Но вернемся к результатам моих поисков, предпринятых в предшествующий период. — С конца семидесятых до конца девяностых годов мне удалось найти целый ряд интересных в историческом отношении единиц подвижного состава, которые ныне находятся в музеях от Бреста до Новосибирска и от Норильска до Ростова-на-Дону. Если ограничиться только локомотивами (причем лишь теми, которые были сохранены), то в их число, в частности, входят:

— паровозы Ь-2012 (депо Рославль), Эш-4192 (трест «Кандалакштрансстрой») и несколько Су, включая самый старый из уцелевших: 206-48 (подъездные пути в г. Острове);
— тепловозы ТЭ5-20-032 (трест «Южуралтрансстрой») и МГ2-037 (Екатеринбургский путевой ремонтно-механический завод);

— мотовоз Мз/2-934 (ПМС-87 Великие Луки);
— электровозы В-«Савельяно» (Магнитогорский металлургический комбинат);
— узкоколейные паровозы П24-7 (Зеленодольский шпалопропиточный завод), ВП4-1337 и ВП4-2097 (учреждение АБ-239/5 в пос. Пуксинка)…

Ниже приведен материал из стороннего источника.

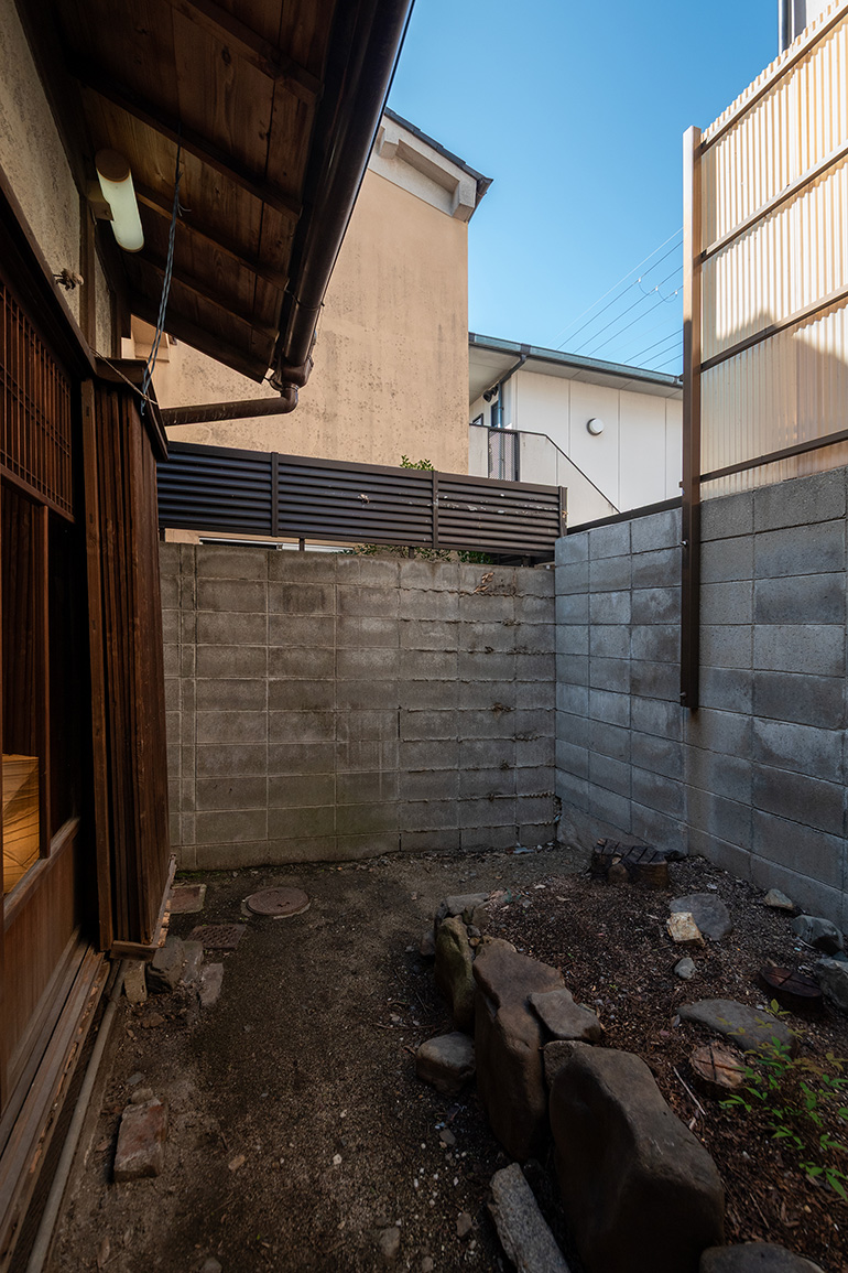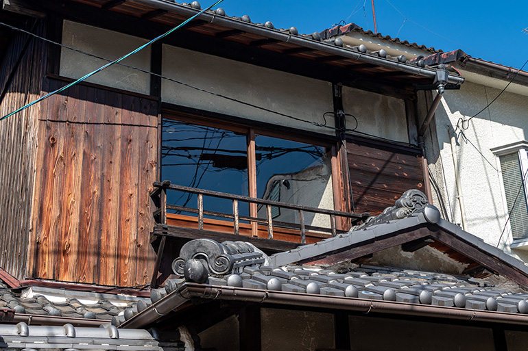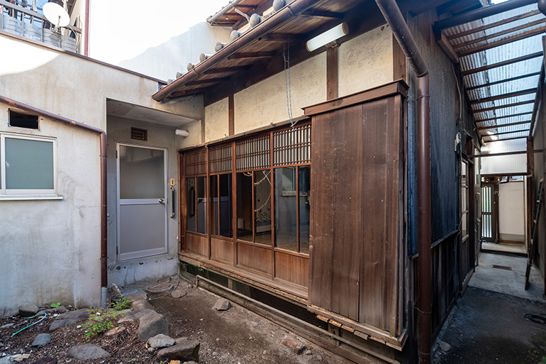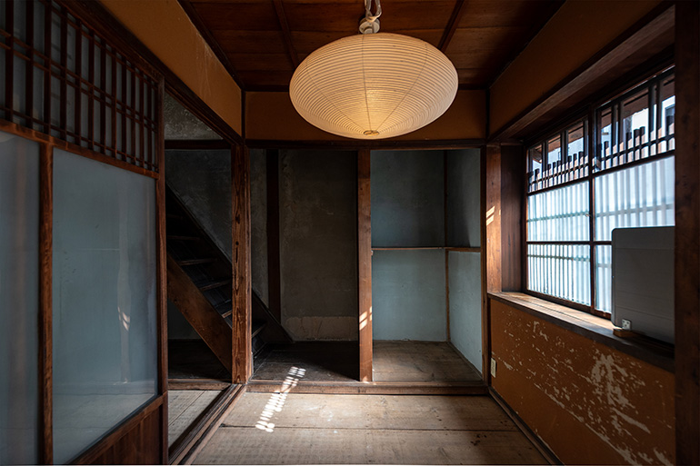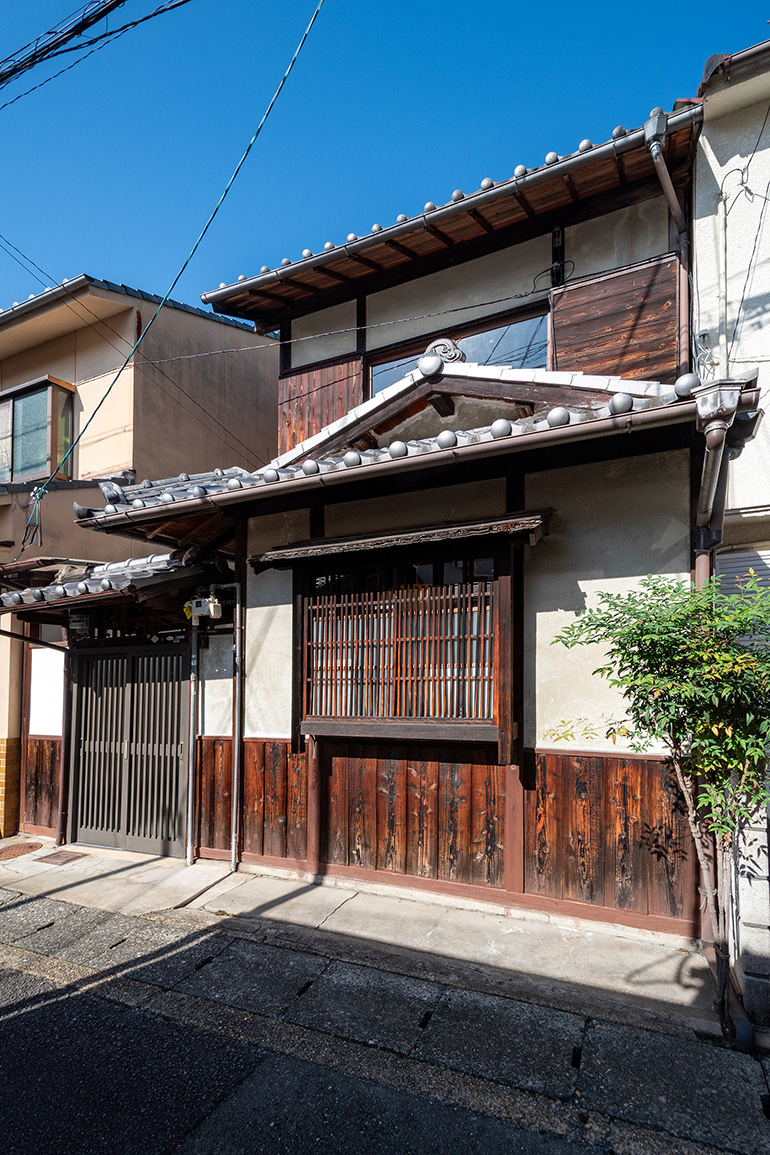 At the front of the first floor, traditional vertical lattice windows allow soft daylight to filter into the interior while gently shielding views from the outside—an architectural detail characteristic of Kyoto machiya. The exterior walls feature wooden siding and earthen plaster finishes, whose weathered textures add depth and quiet charm accumulated over many years.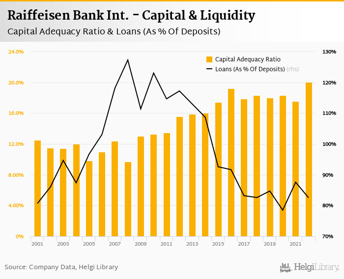 Comparing Raiffeisen Bank Int. with its closest peers, PKO BP ended the year 2022 with a capital adequacy ratio at 17.8% and loans to deposits of 68.2% and Pekao with 17.4% and 75.3% respectively.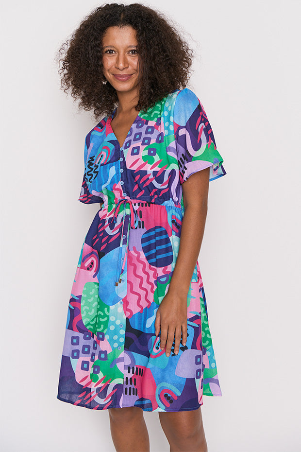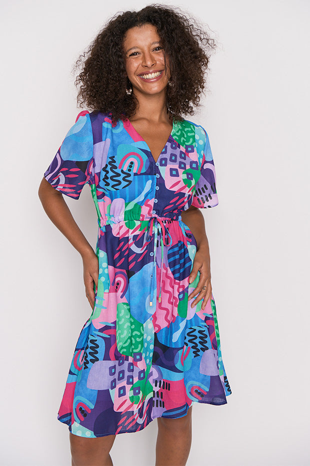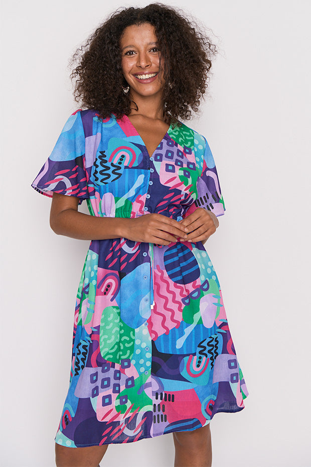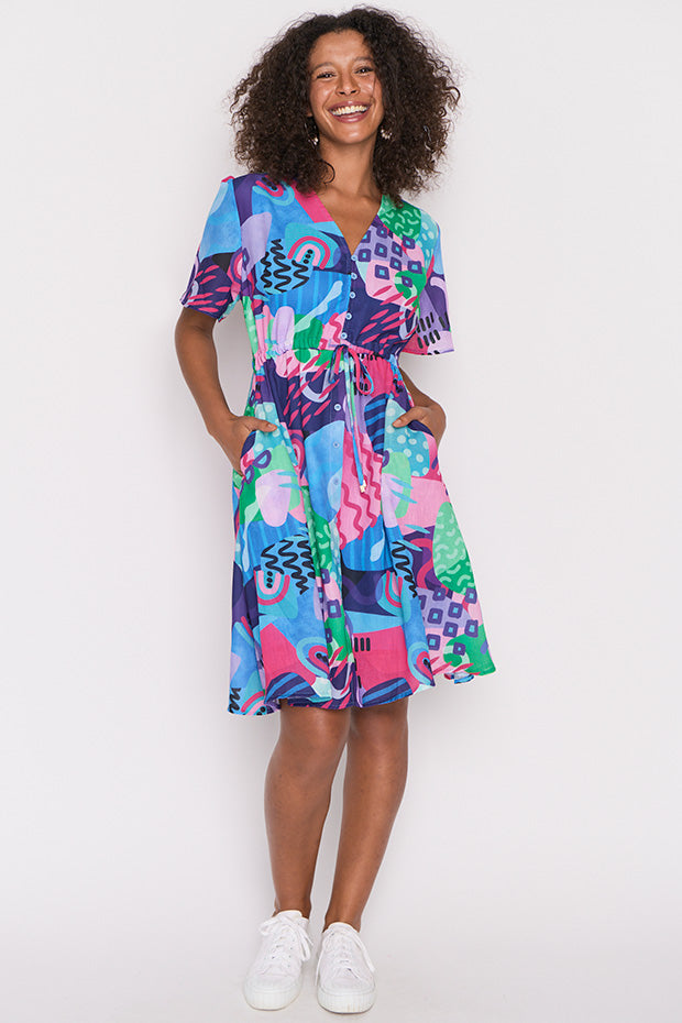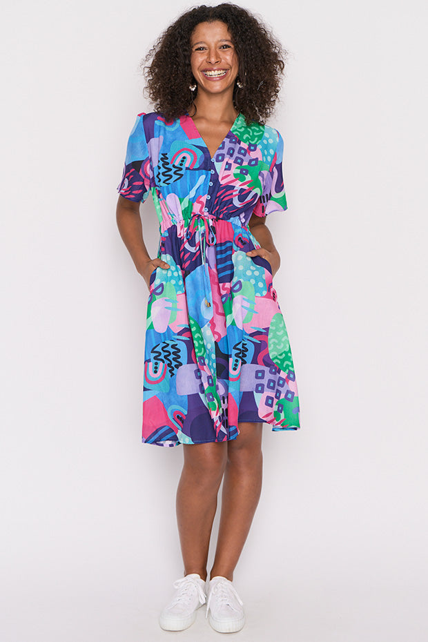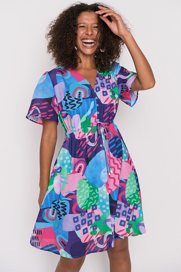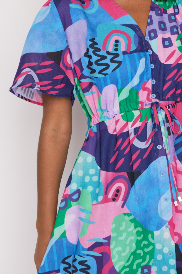 Featuring a looseĀ bodice withĀ short wide sleeves &Ā a button up V-neckline.Ā We love theĀ comfy drawstringĀ waistĀ with aĀ lined, loose flowing skirtĀ that is ready for a twirl!

Отмечу, в связи с этим, что были люди, узнавшие о некоторых из этих локомотивов (например, Ь-2012) независимо от меня (и, вероятно, несколько раньше). Однако, информация, сыгравшая решающую роль в их сохранении, была получена музейными сотрудниками именно от меня.
Впрочем, как мне кажется, главную свою находку я так и не сделал. В этой связи вспоминается старая шутка про мальчика, победившего в школьной викторине по зоологии, который заявил, что у страуса три ноги, тогда как остальные ученики ответили, что четыре! И я в полной мере могу отнести на свой счет слова, сказанные в свое время одним очень известным в любительском движении человеком (цитирую в вольном пересказе), о том, что его жизнь сплошь состоит из упущенных возможностей…
И все же, подводя некоторые предварительные итоги своей собственной жизни (к чему мой возраст уже располагает), я могу сказать, что деятельность по поиску музейных образцов ж-д техники представляет собой одну из тех страниц, которые позволяют сказать, что эта жизнь была прожита не зря.